Every identity graph carries a decay rate that nobody prints on the catalog sheet. The MAID graph that was 250M unique identifiers a year ago is not 250M reachable-today identifiers — some fraction has fallen out due to app deletion, device replacement, Apple App Tracking Transparency (ATT) opt-outs, and simple cohort aging. The hashed-email (HEM) graph tied to those MAIDs decays on a separate but correlated clock — addresses go dormant, people migrate platforms, and the email-to-identity link rots at a rate that depends on how the graph was built. Buyers who don't account for decay pay for past-tense coverage and are surprised when activation underperforms. This piece is the working math. For the economics framing see MAID graph economics: why identity resolution costs what it costs; for the catalog surface see MAID Feed and Core Email File.

Key Takeaways

  • MAID decay under Apple ATT runs roughly 3-7% per month against the historical cohort — heavier on iOS-skewed app panels, lighter on Android-dominant panels where AAID availability remains closer to pre-privacy-sandbox baseline.
  • HEM decay runs slower — roughly 8-15% per year for addresses that remain in use — but the tail is long, and stale-email programs (inactive addresses still in circulation) inflate apparent graph size without adding reachable users.
  • The FTC's 2024 X-Mode/Outlogic order and related actions accelerated the decay curve by forcing removal of sensitive-category panels — graphs that lost panel partners in 2024 are reporting size numbers that include decay-bound records.
  • Observable-today graph size is the honest denominator for any freshness quote — vendors who only report historical cohort size are depreciating an asset at fixed rate, and buyers should build price steps against observed-reachable counts, not peak-cohort counts.
  • Refresh cadence is the single operational lever that matters — weekly refresh with monthly churn diagnostic outperforms quarterly refresh even at headline-cheaper rates, because the delivered value is against this week's reachable pool, not last quarter's historical cohort.

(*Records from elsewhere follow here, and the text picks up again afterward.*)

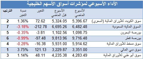 من جهة أخرى، تزامنت المكاسب التي سجلها سوق الكويت للأوراق المالية مع الارتفاعات التي سجلتها بعض الأسواق الخليجية خلال الأسبوع الماضي، إذ شغل السوق الكويتي المرتبة الثانية من حيث نسبة المكاسب الأسبوعية المسجلة بعد أن حقق مؤشره السعري ارتفاعاً نسبته 1.36%، في حين شغل كل من سوق دبي المالي وسوق أبو ظبي للأوراق المالية المرتبة الأولى والثالثة بعد أن نما مؤشريهما بنسبة 3.75% و 1.14% على التوالي. في المقابل، تصدرت السوق المالية السعودي الأسواق التي سجلت خسائر مع نهاية الأسبوع، إذ تراجع مؤشرها بنسبة بلغت 3.18%، تبعتها بورصة قطر التي سجل مؤشرها انخفاضاً نسبته 0.99%، فيما جاءت بورصة البحرين في المرتبة الثالثة بعد أن تراجع تراجع مؤشرها بنسبة بلغت 0.35%، ثم سوق مسقط للأوراق المالية الذي انخفض مؤشرها مع نهاية الأٍبوع بنسبة 0.28%.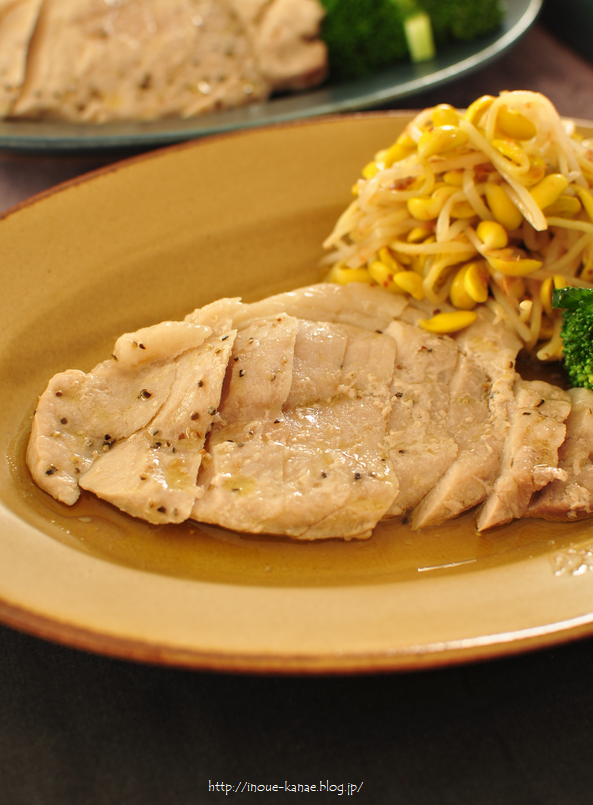 3)手で触れるくらいまで冷めたら、ラップを外して斜めにそぎ切りにして盛り付け、蒸し汁を適量かける、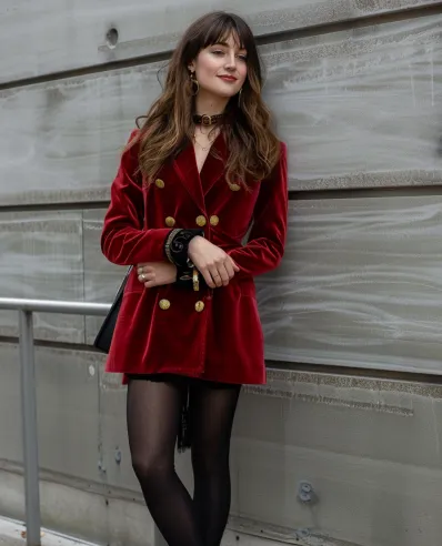 This cherry red velvet blazer dress oozes sophistication with a dash of playful charm. Featuring double-breasted gold buttons and a slightly oversized fit, it strikes the perfect balance between polished and trendy. Styled with sheer black tights, chic ankle boots, and delicate accessories like a choker and hoop earrings, this look is ideal for a night out or a stylish cocktail party.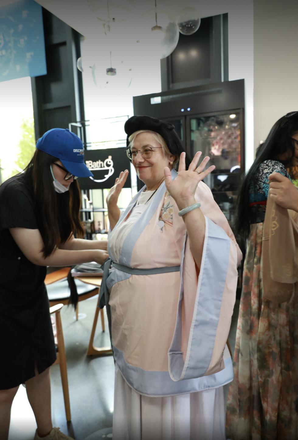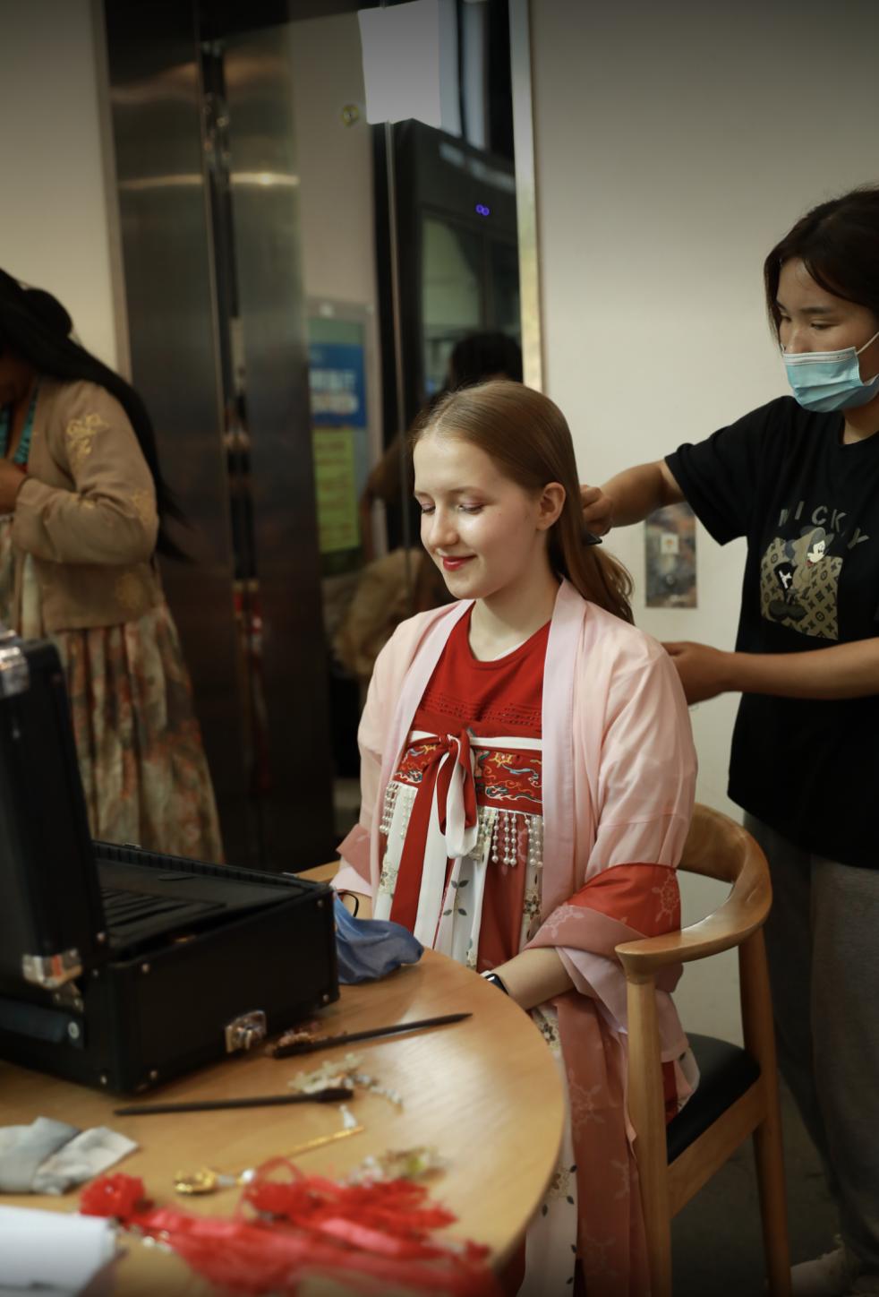 午间休憩时间,现场准备了多套汉服和头饰,让外籍友人自由选择自己喜欢的服饰,体验一把分分钟穿越到中国古代的浪漫,通过这些美丽的服饰和穿着的仪式感,也让他们对中国传统文化有更深一层的了解。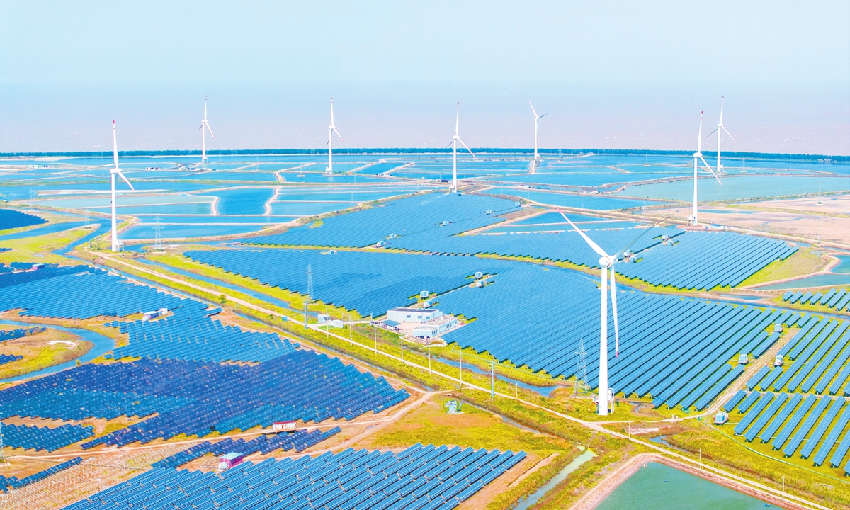 Vista de un proyecto que integra la generación de energía eólica y solar con la piscicultura en Yancheng, provincia de Jiangsu, este de China, el 28 de mayo de 2025.…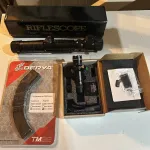 BNIB, unfired non-restricted Derya TM-22 “Distressed Red” semi-auto .22lr with 18” threaded barrel rifle with x2- 10rd poly mags, wrench and instructions. Extras include: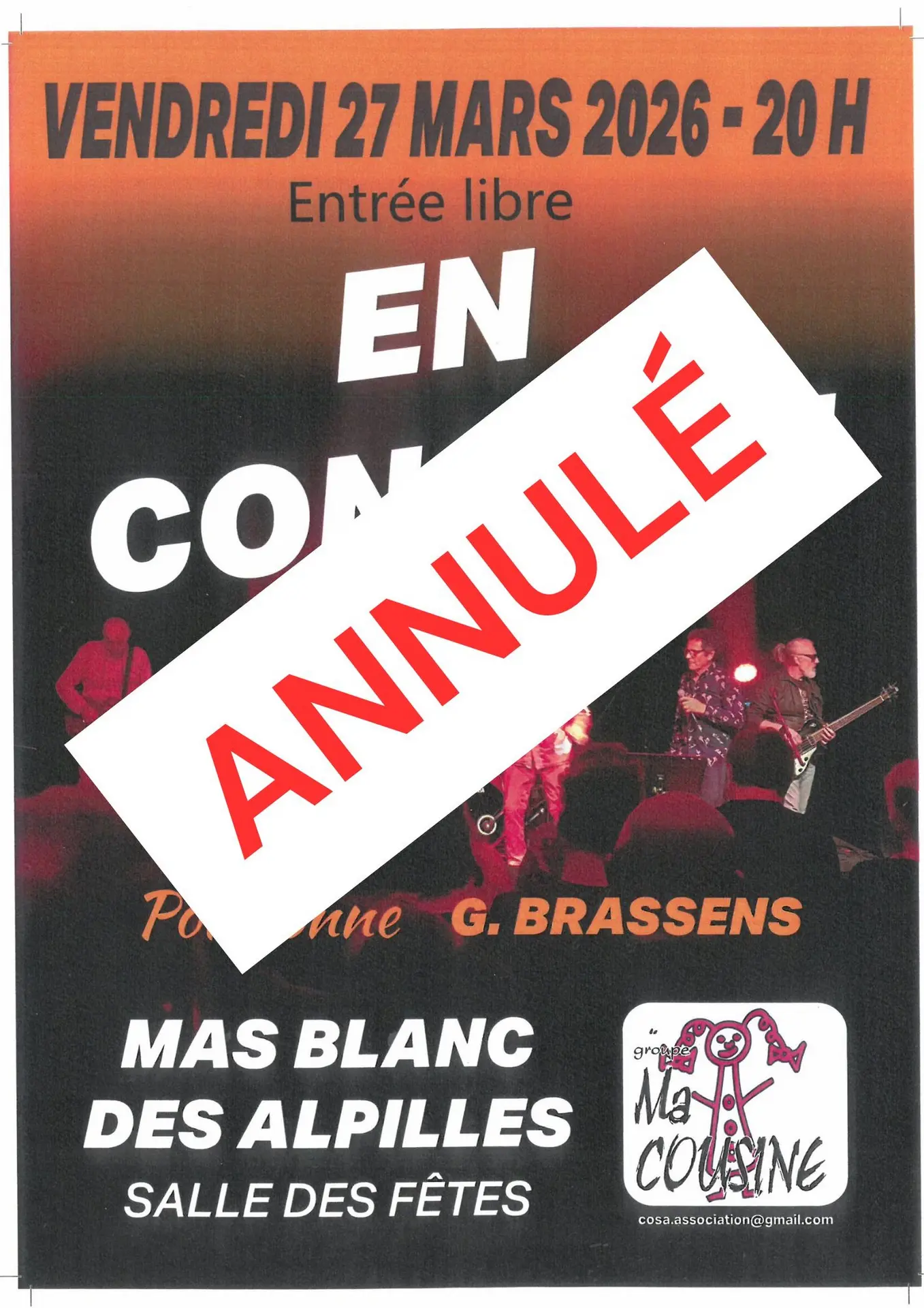 ANNULÉ - Soirée exceptionnelle avec la venue des six soixantenaires énergiques du groupe « Ma cousine » qui vous proposent de fredonner avec eux les refrains inoubliables des multiples chansons de Georges Brassens sur des orchestrations dynamiques

MAID Decay Rates Under ATT

The single largest driver of MAID graph decay since 2021 has been Apple's App Tracking Transparency framework, which moved the iOS IDFA from universally-observable to permission-gated. Post-ATT, observable IDFA on iOS is roughly 20-30% of instrumented app sessions, compared to the effectively-100% baseline before ATT rolled out. The operational consequence: the month-over-month decay rate of an iOS-skewed MAID graph is in the 4-7% range, driven by a combination of new device activations with ATT-off-by-default, existing user upgrades to new devices that reset the ATT state, and app deletions. Android-dominant graphs decay slower (roughly 2-4% per month) because Google's AAID remains generally available, though Google's own Privacy Sandbox proposals are slowly migrating the Android ecosystem toward similar constraints. The composition of the graph matters: a graph sourced heavily from iOS gaming apps decays faster than one sourced from Android utility apps, and a graph built on location-panel partners that lost partners in the wake of the FTC X-Mode/Outlogic order decays in step-functions rather than smooth curves. Buyers should ask vendors for the source-mix breakdown and the observed month-over-month decay rate separately.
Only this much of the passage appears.